This study addresses the computational inefficiency and reliance on manually designed homotopy paths in solving the J2-perturbed Lambert problem. To overcome these limitations, the authors propose the TRM-PL model, a recursive neural architecture with parameter sharing that performs end-to-end differentiable iterative optimization of the initial velocity through a two-level latent state representation, unifying initial guess generation and refinement. By replacing conventional homotopy strategies with a learning-driven recursive correction mechanism, the method achieves high-precision orbit solutions with only 2.3 million parameters, making it suitable for embedded deployment. Experimental results demonstrate significant accuracy improvements: terminal position errors in single-revolution LEO transfers decrease from 21.7 km to 0.027 km, and in multi-revolution LEO cases from 340.9 km to 0.31 km; with a single Newton correction, Jupiter orbit errors reach 0.063 km.

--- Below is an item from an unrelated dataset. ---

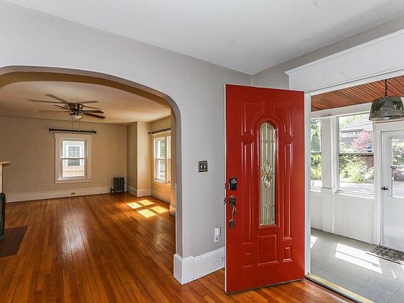 Charming and well maintained Colonial awaits its new owners. Upon entry through a lovely enclosed front porch, you will be greeted with a charming entry hallway/foyer with a handsome staircase with beautiful hardwood floors. Hardwoods extend throughout the large Living room with a brick fireplace and into the Formal Dining room. Kitchen offers stainless steel appliances and a back mudroom with exterior access to the large backyard which offers a stone pad and grassy areas, great for entertaining and a 2 car garage which has storage, electricity and can be used as a workshop or hangout space. Second floor offers 3 generously sized Bedrooms with hardwood floors with closets. The primary Bedroom has a enclosed balcony that oversees the backyard and can be used as an array of things, previously used as an offcie, it can also be a workout space or a wardrobe room. A large full Bathroom with shower and tub. This home is sure to please, come check it out today!

This paper presents a fast, recursive neural solver for the J2-perturbed Lambert problem based on Tiny Recursive Models (TRM), termed the TRM-Perturbed Lambert (TRM-PL) model. TRM is a weight-shared architecture whose effective capacity emerges from iteration depth rather than parameter count: a compact reasoning module is applied repeatedly within a two-level latent hierarchy, refining a candidate departure velocity by simulating the J2 trajectory and correcting it from the resulting tracking error. This unifies initial-guess generation and iterative correction in a single, end-to-end differentiable architecture. The recursive refinement loop is a learned alternative to the homotopy and continuation schemes of classical perturbed-Lambert solvers: rather than following a hand-designed path from the Keplerian to the perturbed solution, the network learns its own sequence of corrections. We evaluate TRM-PL on three test cases of increasing difficulty: single-revolution low-Earth-orbit (LEO) transfers, multi-revolution LEO transfers, and multi-revolution Jovian transfers. Three training paradigms are compared: jointly learning the Lambert solution and the J2 correction; refining the Lambert initial velocity with target-position and J2-corrected velocity supervision; and refining it with target-position supervision alone. Across all cases, the refinement-only approaches are the most reliable. The position-supervised variant reduces the median terminal-position error from 21.7 km to 0.027 km on single-revolution LEO, from 340.9 km to 0.31 km on multi-revolution LEO, all with the same 2.3M-parameter architecture. A single Newton corrector iteration on the TRM-PL output tightens the Jovian median to 0.063 km, yielding compact models accurate enough for embedded deployment.